Muito desse mundo passa por conceitos de realidade estendida, que engloba a realidade virtual e a aumentada.

Em um estúdio, Luciana e Rafael estão sentados lado a lado; Luciana tem cabelo azul e veste roupas pretas; Raphael tem cabelo e barba castanhos e veste camisa branca com colete e calça bege
O jornalista Raphael Hernandes (dir.) foi mediador do primeiro dia do seminário sobre metaverso; a mesa 1, com Luciana Bazanella, cofundadora da White Rabbit (erq.), discutiu limites e possibilidades da Web 3.0 - Keiny Andrade/Folhapress

No caso da realidade virtual, o usuário coloca óculos específicos para ver o mundo como se estivesse num ambiente digital. Na aumentada, usando óculos ou algum outro dispositivo —tipo a tela do celular— são adicionados elementos à visualização do mundo real. Exemplo disso é o game Pokémon Go, no qual os monstrinhos aparecem no telefone como se estivessem na sala de casa.

E aí começam os engasgos. Os óculos podem custar mais de R$ 10 mil (versões mais simples entre R$ 2.000 e 3.000) e exigem computadores potentes para funcionar. Além disso, são meio desengonçados. É necessário, portanto, tornar esses equipamentos mais baratos e agradáveis de usar.

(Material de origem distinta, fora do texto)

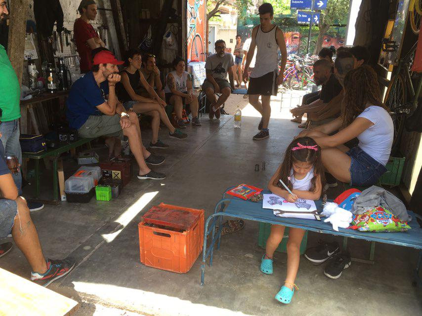 siempre esta abierto para compartir y conocer el espacio, si querés sumarte al espacio también es una opción, además de arreglar bicis, buscamos explorar la capacidad que esta nos brinda de transfomarnos desde otra forma de percibir la realidad y como expresarlo.

Só que a ideia de metaverso não passa só por apetrechos —é estar mais inserido nesse mundo virtual, e gadgets são só um dos meios para isso.

Dois exemplos já existentes, que não usam óculos especiais, vêm dos games. Fortnite e Roblox criam mundos virtuais nos quais as pessoas, por meio de seus avatares, podem interagir, explorar, participar de eventos, vestir seus bonecos com conteúdo personalizável, fazer transações.

Entenda o metaverso em 6 perguntas

Eles são, porém, universos isolados. Se uma pessoa compra algo num jogo, não há portabilidade para o outro. Pensando num cibermundo com vários universos interconectados, é necessário criar os caminhos para essa ponte.

Isso é parte de um trabalho de fundação do metaverso, que está em curso.

O mesmo se aplica a conexões entre diferentes tipos de dispositivos, para alguém com um celular simples ser capaz de acessar o mesmo espaço que um amigo num computador de última geração e óculos de realidade virtual.

Além de tudo, é necessário todo um ecossistema em volta para que esse espaço se concretize. A era da internet móvel só foi possível porque havia uma rede de desenvolvedores criando apps que a tornavam útil e porque a conexão (3G e 4G) existe.

Para funcionar, as aplicações que passam pelo metaverso têm alta demanda de internet. O 5G é uma opção, mas está longe de ser amplamente adotado.

Numa chamada por vídeo, um atraso pode ser apenas um incômodo. Com realidade virtual, pode trazer náusea —e talvez fique difícil, mesmo com os bilhões do Vale do Silício, convencer as pessoas a adotarem uma tecnologia se elas precisarem limpar a roupa a cada ligação.